En d'autres termes, plus la région recevait de préférences, plus le comportement des Albanais devenait agressif. Le secrétaire fédéral à l'intérieur de la RSFY, F. Herlevich, a annoncé à la fin de 1981 qu'entre 1974 et début 1981, les organes de sécurité
« Plus d'un millier de personnes ont été retrouvées engagées dans des activités subversives du point de vue du nationalisme albanais. Beaucoup d'entre eux étaient associés à l'une des organisations les plus extrémistes, le Front national rouge, une organisation pro-albanaise basée dans les pays occidentaux (créée en 1974 en Bavière ouest-allemande. - NDLR) et dirigée par le Parti albanais du travail. » …
Tirana n'a pas officiellement réfuté cette accusation. Donc, il y avait un lien entre Tirana et BND par rapport au Kosovo ?
Le retard de la mort est comme
Pendant ce temps, en mars 1981, un soulèvement kosovar à grande échelle éclate dans la province. D'ailleurs, à peu près à la même époque, l'opposition financée par l'Occident (Solidarité) en Pologne s'est fortement intensifiée.
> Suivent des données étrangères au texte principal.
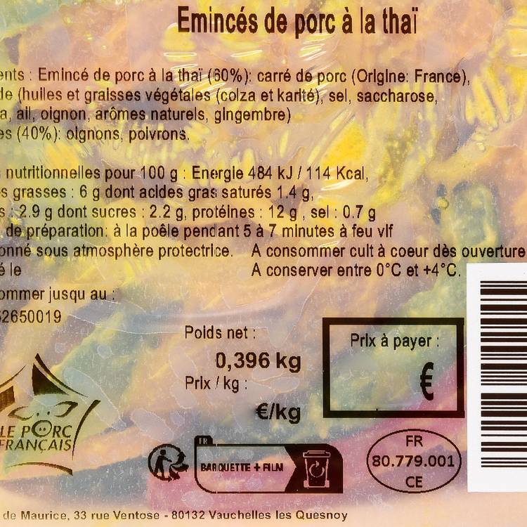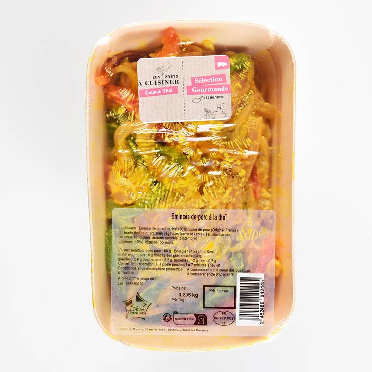 Race de viande : Porc européen sélectionné pour sa tendreté. Finement émincé pour une cuisson express, parfait pour les recettes sautées pleines de peps.
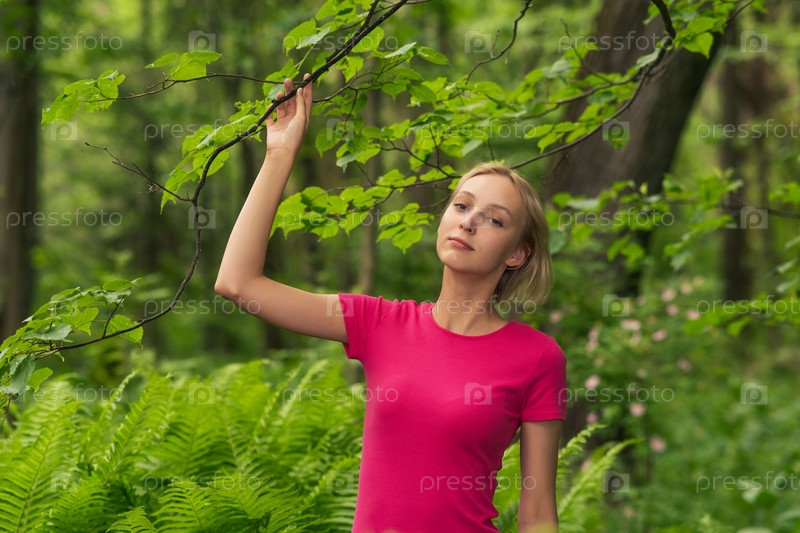 Девочка подросток гуляет по лесу

La coïncidence dans le temps « n'est guère accidentelle. Mais dans ce contexte, une autre chose est également importante: Tirana a officiellement exprimé son soutien au mouvement séparatiste et a officiellement condamné la politique de la RSFY envers les Albanais du Kosovo. En avril 1981, la situation est maîtrisée, mais la répression violente ne fait que reporter la bataille décisive pour la sécession du Kosovo. (Ceci est décrit en détail dans le rapport MGIMO « Le facteur albanais de déstabilisation des Balkans occidentaux: une approche par scénario » en 2018).
Selon un certain nombre de données, les perspectives du Kosovo ont déjà été évoquées lors de la visite officielle du célèbre revanchard, chef de la CDU/CSU ouest-allemande Franz-Josef Strauss à Tirana les 21-22 août 1984. Au cours de la visite, les questions de coopération financière et économique ont également été abordées. Il n'est pas trop annoncé que la RFA et certains autres pays de l'OTAN dans les années 70-80 ont acheté en Albanie à des prix gonflés des minerais de chrome, de cobalt, de cuivre, de plomb-zinc et de nickel ou leurs produits semi-finis.
"vague" allemande
C'est devenu le "reconstitution" le plus important de Tirana dans le cadre de sa rupture avec l'URSS, et depuis 1978 - avec la RPC. Dans le même temps, Enver Hoxha lui-même n'a pas rencontré "prudemment" Strauss, que beaucoup ont appelé le "roi sans couronne de Bavière" (photo). Mais le soutien ouest-allemand aux Kosovars est devenu beaucoup plus actif et presque légal depuis la seconde moitié des années 1980.
Enfin, en 1987, des relations diplomatiques ont été établies entre la République fédérale d'Allemagne et l'Albanie de l'époque stalinienne. Mais ce n'est qu'en 2018 que FJ Strauss a reçu à titre posthume l'Ordre du drapeau national d'Albanie, et à partir de la même année, son nom a été donné à la place de Tirana (l'ancienne place « 7 novembre »).
Il est évident que les subtilités de la politique balkanique et mondiale ont prédéterminé, au moins, le soutien économique de l'Occident à l'Albanie d'alors. Et ses autorités (dans les conditions actuelles de « semi-blocus ») ne pouvaient qu'interagir avec l'Occident (au moins avec la RFA) en soutien aux séparatistes kosovars.
Et cela a été directement facilité par, répétons-le, les craintes constantes de Tirana que la RSFY (avec l'aide de l'URSS « post-stalinienne », amie de Belgrade) n'avale l'Albanie. De plus, Tito a vraiment fait de telles tentatives au milieu des années 40 - au début des années 50.
Mais cela, comme vous le savez, a été supprimé par Staline personnellement.
D'accord, dans ce contexte, il est tout à fait logique de nommer une rue de l'une des villes du Kosovo du nom d'Enver Hoxha - le «dernier stalinien».